The value of renewables goes beyond just energy or climate and is being valued across adjacent industries. A recent study by MIT predicted that investments in renewable energy generation would result in a return on that investment of 34 percent in reduced healthcare costs alone due to reduced air pollution. The study focused on ten US states whose electricity generation profiles are currently made up of an average of 42 percent coal, higher than the current 30 percent US average.

The study showed that these states could reduce healthcare costs by $4.7 billion if they hit their target of 13 percent renewable energy by 2030. Remarkably, this increases to more than $20 billion if the percentage of renewable energy was doubled to what is becoming a modest 26 percent of this region’s overall electricity generation. The study estimates a $9 billion investment in renewable capacity would be needed to reach this goal.

A recent study by the National Renewable Energy Laboratory found that solar energy reduces respiratory and cardio health issues, among other health benefits. It even has been shown to reduce the number of lost work days related to health issues.

Transition to clean energy

The climate emergency is upon us and we need to act now.
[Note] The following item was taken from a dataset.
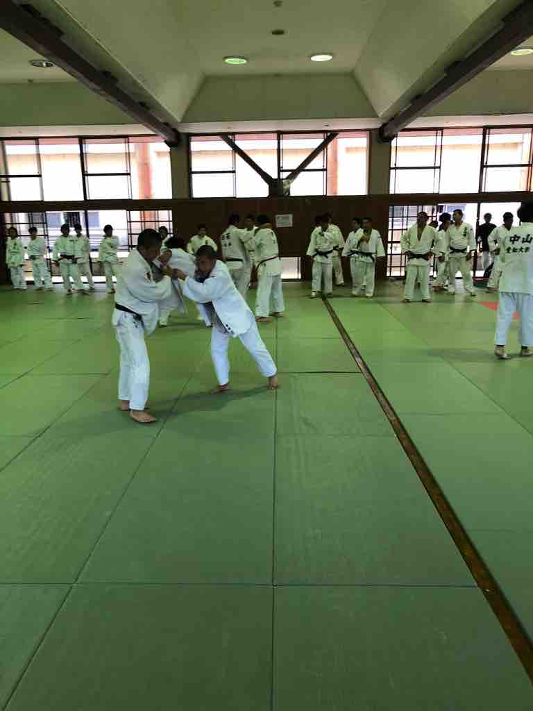 写真は一道館田代道場(東京都)出身の白石先輩(2年生)と大暉。沢山稽古をつけていただきました。
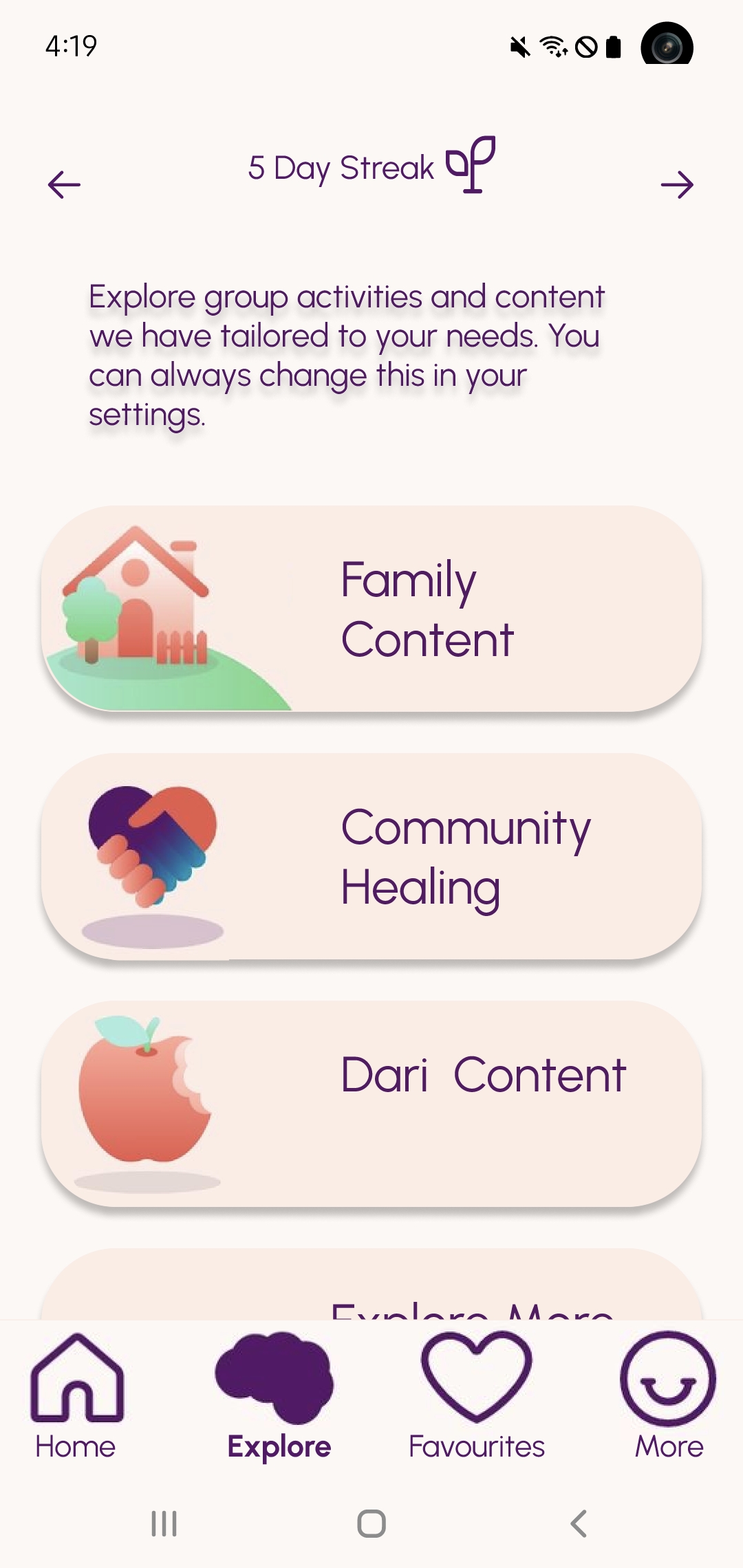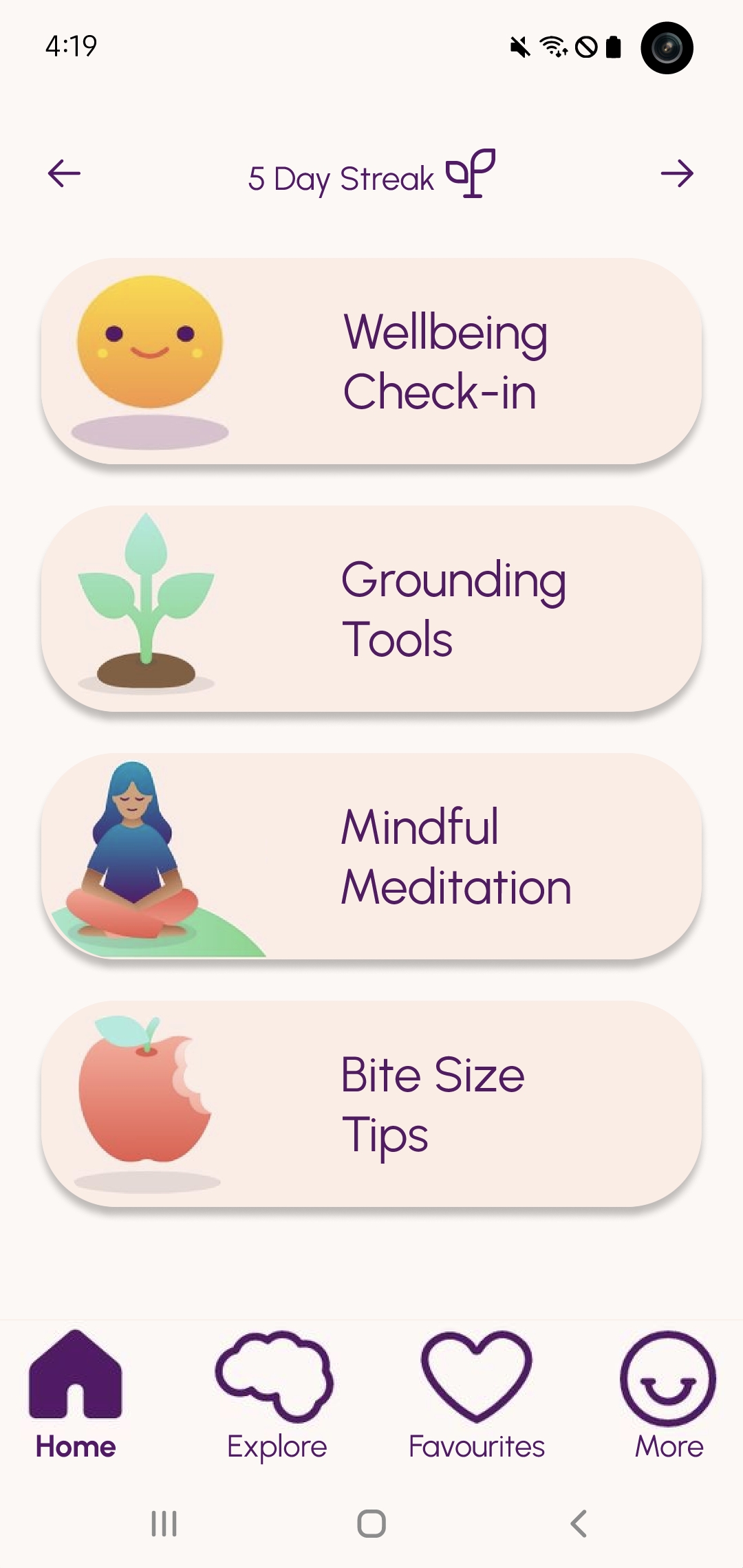 - Following each activity, users are prompted to conduct another wellbeing check-in, allowing them to assess changes in their emotions. This feature becomes particularly beneficial if they initially reported feeling distressed.

Renewables are often touted as a major part of the solution for climate change, which are not only readily available today, but the costs are increasingly competitive and are forecast to decrease well into the future.

These economic benefits to healthcare come about from the transition to renewable generation, which are in addition to the known economic benefits to the energy industry and the climate.  The energy industry finds itself at the intersection of remarkable economic opportunities, at a time where the economy, climate, and public health are all urgently searching for solutions to systemic problems within each.  Renewables are poised to deliver, through technologies that are willing and able.

The solar industry is pushing forward, but markets and regulations need to keep up to enable the transition to clean energy future.